▶ **Given information**
▼

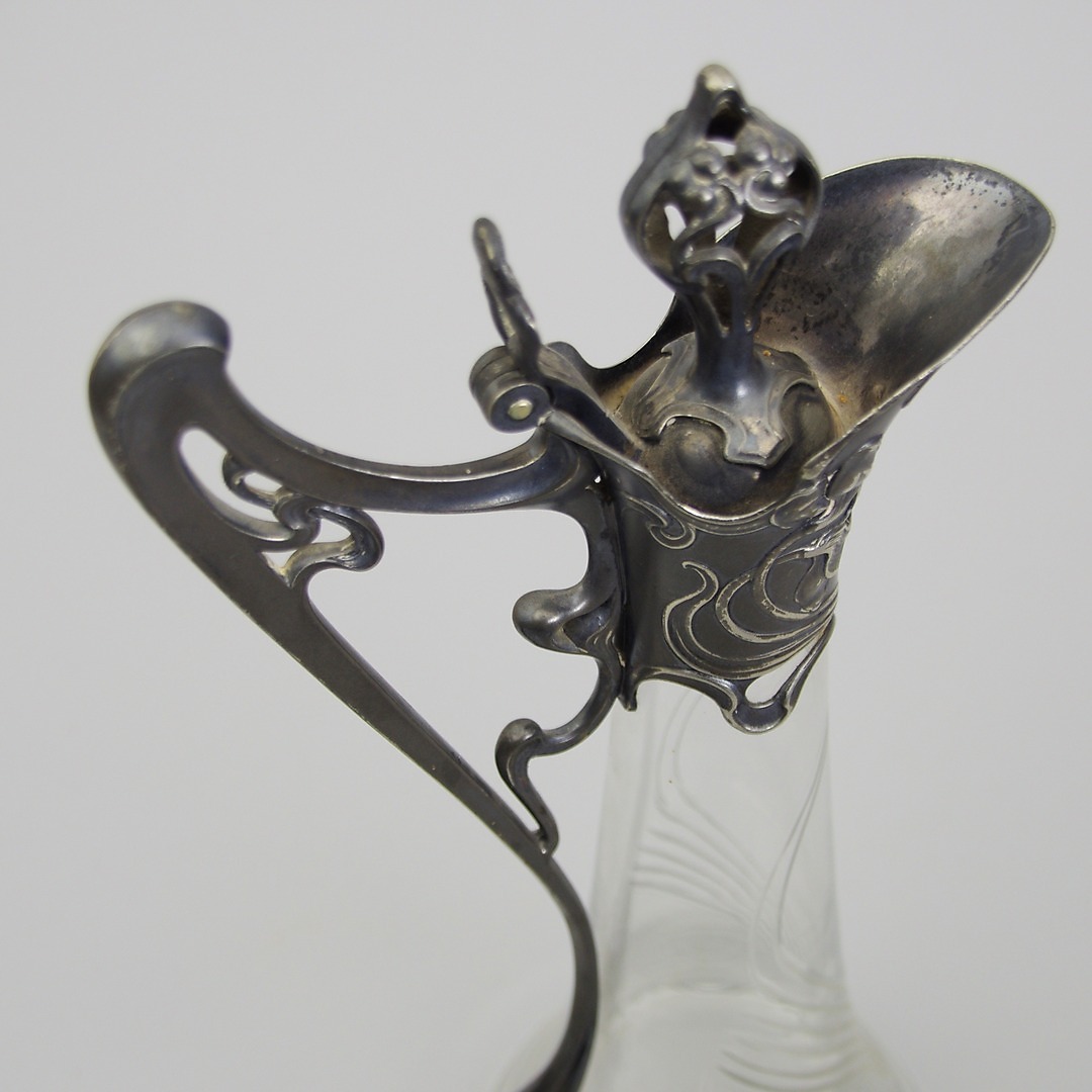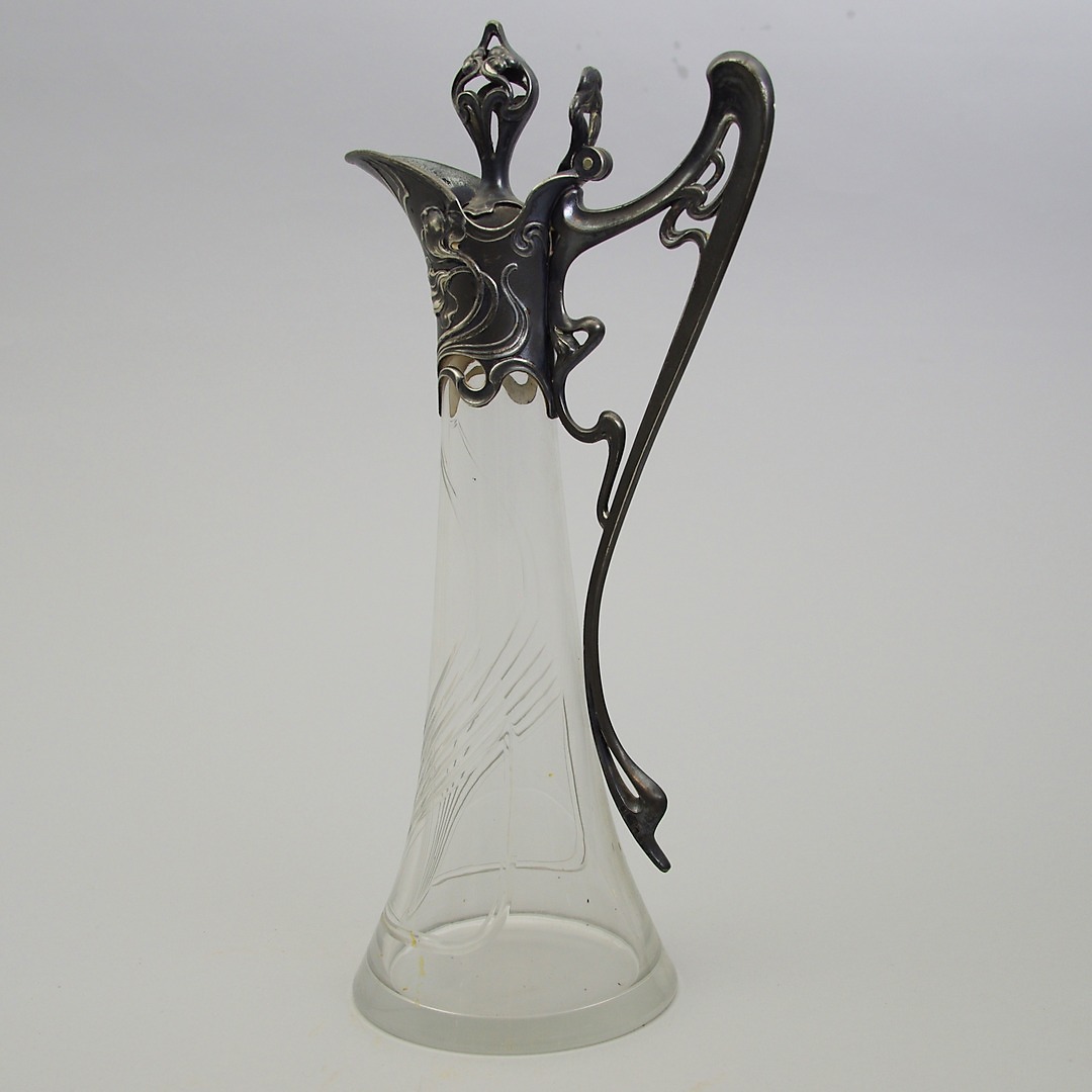 408674. KRUG MIT Deckel, Zinn/Glas, Jugendstil.
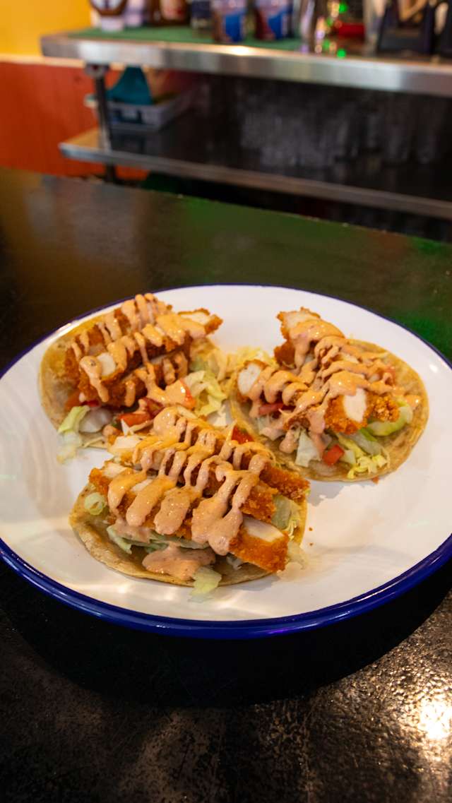- Pollo empanado y crujiente, en 3 tortillas de maiz con pico de gallo y lechuga, cubiertas por salsa de mayonesa chipotle.
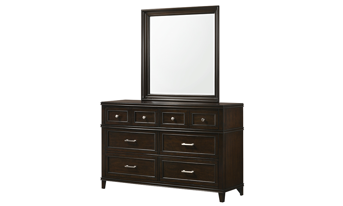 When looking for an accent to your bedroom set, look no further than this elegant Beveled Frame Mirror, that can attach to your matching cherry dresser. Featuring a rich cherry finish and a beveled edge frame design, this mirror adds a touch of elegance to any space. It is crafted with poplar solids and birch veneers for lasting durability. The mirror conveniently attaches to the matching Waterpointe Cherry Dresser, creating a cohesive and stylish look.
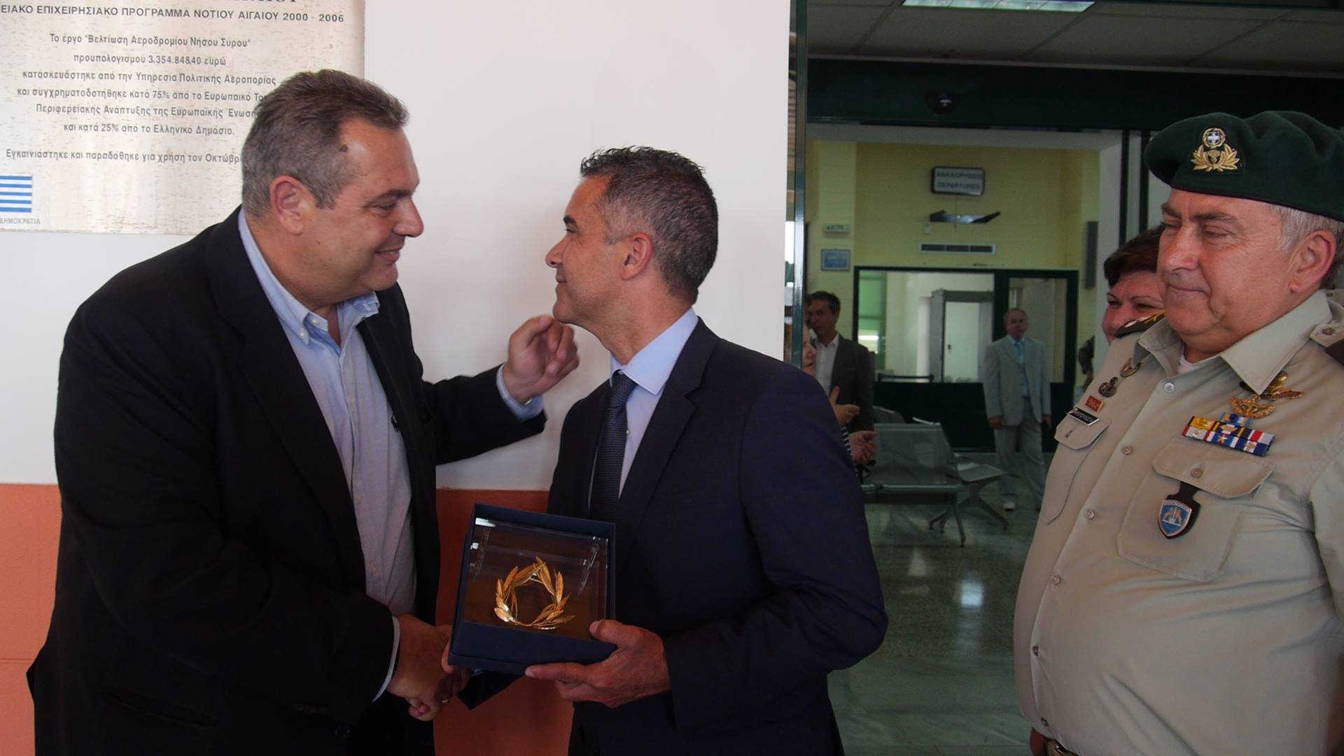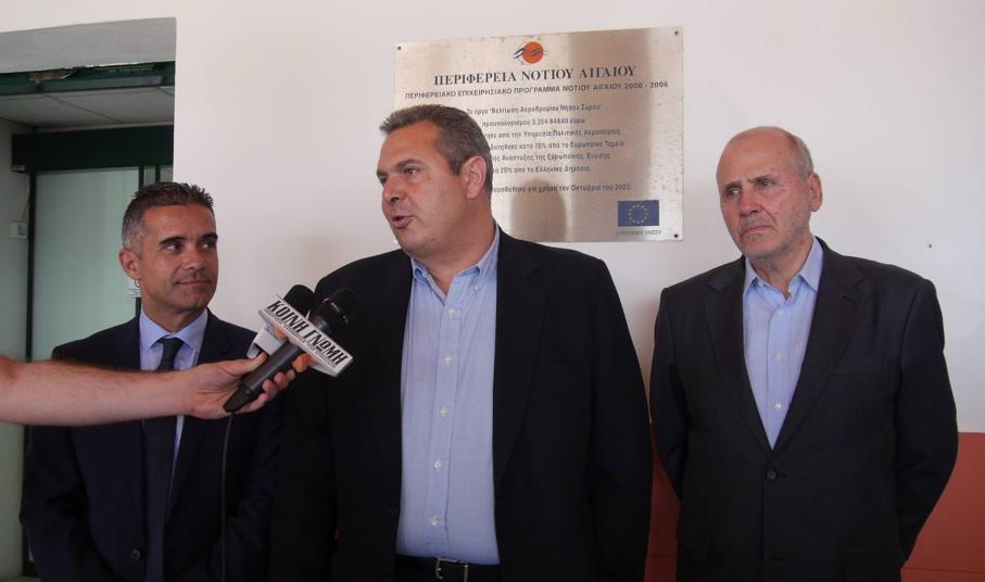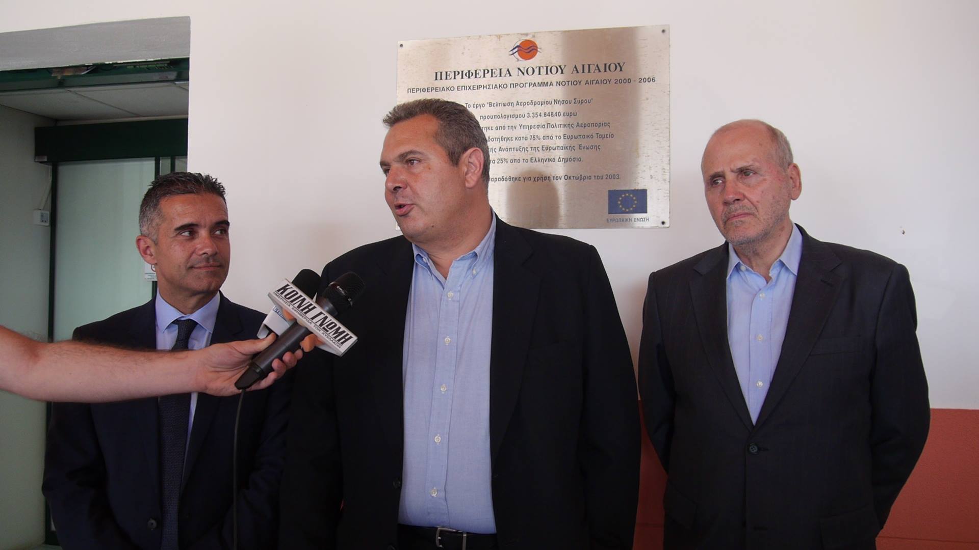 Αναχώρησε σήμερα το μεσημέρι από τη Σύρο ο Υπουργός Εθνικής Άμυνας, Πάνος Καμμένος, προβαίνοντας σε λιτές δηλώσεις στο χώρο του αεροδρομίου στο πλαίσιο των οποίων έκανε ξεκάθαρη μνεία για την αντισυνταγματικότητα της απόφασης κατάργησης του νησιώτικου ΦΠΑ.

▲

▶ **Task item**
The material shown above is to be repeated verbatim, and its pictures are to be omitted.

▶ **Exercise solution**
 408674. KRUG MIT Deckel, Zinn/Glas, Jugendstil.
- Pollo empanado y crujiente, en 3 tortillas de maiz con pico de gallo y lechuga, cubiertas por salsa de mayonesa chipotle.
 When looking for an accent to your bedroom set, look no further than this elegant Beveled Frame Mirror, that can attach to your matching cherry dresser. Featuring a rich cherry finish and a beveled edge frame design, this mirror adds a touch of elegance to any space. It is crafted with poplar solids and birch veneers for lasting durability. The mirror conveniently attaches to the matching Waterpointe Cherry Dresser, creating a cohesive and stylish look.
 Αναχώρησε σήμερα το μεσημέρι από τη Σύρο ο Υπουργός Εθνικής Άμυνας, Πάνος Καμμένος, προβαίνοντας σε λιτές δηλώσεις στο χώρο του αεροδρομίου στο πλαίσιο των οποίων έκανε ξεκάθαρη μνεία για την αντισυνταγματικότητα της απόφασης κατάργησης του νησιώτικου ΦΠΑ.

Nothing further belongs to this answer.